Carvalho Sofia, Santos Juliana Inês, Moreira Luciana, Gonçalves Mariana, David Hugo, Matos Liliana, Encarnação Marisa, Alves Sandra, Coutinho Maria Francisca
Research and Development Unit, Department of Human Genetics, National Institute of Health Doutor Ricardo Jorge, INSA I.P., Rua Alexandre Herculano, 321, 4000-055 Porto, Portugal.
Center for the Study of Animal Science-Instituto de Ciências, Tecnologias e Agroambiente da Universidade do Porto, CECA-ICETA, University of Porto, Praça Gomes Teixeira, Apartado 55142, 4051-401 Porto, Portugal.
Biomedicines. 2023 Apr 21;11(4):1234. doi: 10.3390/biomedicines11041234.

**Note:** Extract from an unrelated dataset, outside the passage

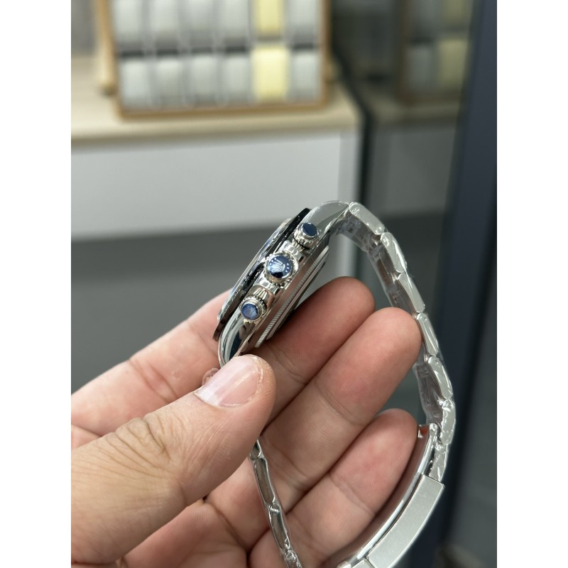 【BT Factory2024墙裂推荐】市场最高版本 劳力Rolex迪通拿腕表!型号:116500 尺寸:40mm×12.2mm 功能:时、分、秒、计时显示 机芯:4130 动力储存:72小时 镜面:蓝宝石 字面:白面,黑面 材质:904L精钢 表带:AR厂钢带 圈口:陶瓷圈镀铂金膜 夜光:瑞士夜光涂料 防水:100米 重量:148克 BT Factory出品,劳力士迪通拿九大亮点: 1BT厂迪通拿4130机芯腕表厚度12.2mm,市场其它版本7750假夹板机芯,通过压低针杆,改薄机芯厚度。稳定性极差,不能做到和正品一致。 2采用4130机芯(原N丹东厂),背后夹板采用雕刻和电镀字体更加光亮。 3钢带采用原AR厂。其次,表扣再次升级比例尺寸。 4表壳采用N工厂对照2022最新版加工,更新底盖抛光亮面尺寸和牙边的弧度。 5表针采用Buff工厂再度升级,三枚小秒针和大秒针,均按照单支定做且实心针套,针帽呈现蘑菇圆头状。 6陶瓷圈Cerachrom再升级镀铂金膜字保持不变色,且更新字体粗细。 7字面对照2022最新版白面,采用瑞士油墨加韩国陶瓷调制打磨做到有厚质感纯乳白色与原版无色差。告别市场之前发黑的“死白”色。 8刻度字钉每粒独立CNC雕刻而成,每粒手工打磨边缘。夜光采用瑞士夜光粉与正品无色差。最终效果是市场最接近原版发光视觉。 9玻璃采用全通透蓝宝石,无边缘视觉。目前,市场的玻璃边缘呈现偏圆弧肥厚的视觉。只有BT厂的细节做工与正品一致。 BT Factory2024匠心力作 欢迎各位表友品鉴!

Despite extensive research, the links between the accumulation of glycosaminoglycans (GAGs) and the clinical features seen in patients suffering from various forms of mucopolysaccharidoses (MPSs) have yet to be further elucidated. This is particularly true for the neuropathology of these disorders; the neurological symptoms are currently incurable, even in the cases where a disease-specific therapeutic approach does exist. One of the best ways to get insights on the molecular mechanisms driving that pathogenesis is the analysis of patient-derived cells. Yet, not every patient-derived cell recapitulates relevant disease features. For the neuronopathic forms of MPSs, for example, this is particularly evident because of the obvious inability to access live neurons. This scenario changed significantly with the advent of induced pluripotent stem cell (iPSC) technologies. From then on, a series of differentiation protocols to generate neurons from iPSC was developed and extensively used for disease modeling. Currently, human iPSC and iPSC-derived cell models have been generated for several MPSs and numerous lessons were learnt from their analysis. Here we review most of those studies, not only listing the currently available MPS iPSC lines and their derived models, but also summarizing how they were generated and the major information different groups have gathered from their analyses. Finally, and taking into account that iPSC generation is a laborious/expensive protocol that holds significant limitations, we also hypothesize on a tempting alternative to establish MPS patient-derived neuronal cells in a much more expedite way, by taking advantage of the existence of a population of multipotent stem cells in human dental pulp to establish mixed neuronal and glial cultures.
尽管进行了广泛的研究,但糖胺聚糖(GAGs)的积累与患有各种形式黏多糖贮积症(MPSs)的患者所表现出的临床特征之间的联系仍有待进一步阐明。对于这些疾病的神经病理学来说尤其如此;目前,即使在存在针对特定疾病的治疗方法的情况下,神经症状仍然无法治愈。了解驱动该发病机制的分子机制的最佳方法之一是分析患者来源的细胞。然而,并非每个患者来源的细胞都能重现相关的疾病特征。例如,对于神经元病变形式的MPSs,由于明显无法获取活神经元,这一点尤为明显。随着诱导多能干细胞(iPSC)技术的出现,这种情况发生了显著变化。从那时起,一系列从iPSC生成神经元的分化方案被开发出来,并广泛用于疾病建模。目前,已经为几种MPSs生成了人类iPSC和iPSC衍生的细胞模型,并从对它们的分析中学到了很多经验教训。在这里,我们回顾了大多数这些研究,不仅列出了目前可用的MPS iPSC系及其衍生模型,还总结了它们是如何生成的,以及不同研究小组从分析中收集到的主要信息。最后,考虑到iPSC生成是一个费力/昂贵的方案,并且存在重大局限性,我们还设想了一种诱人的替代方法,即利用人类牙髓中多能干细胞群体的存在来建立混合神经元和神经胶质细胞培养物,以更快速的方式建立MPS患者来源的神经元细胞。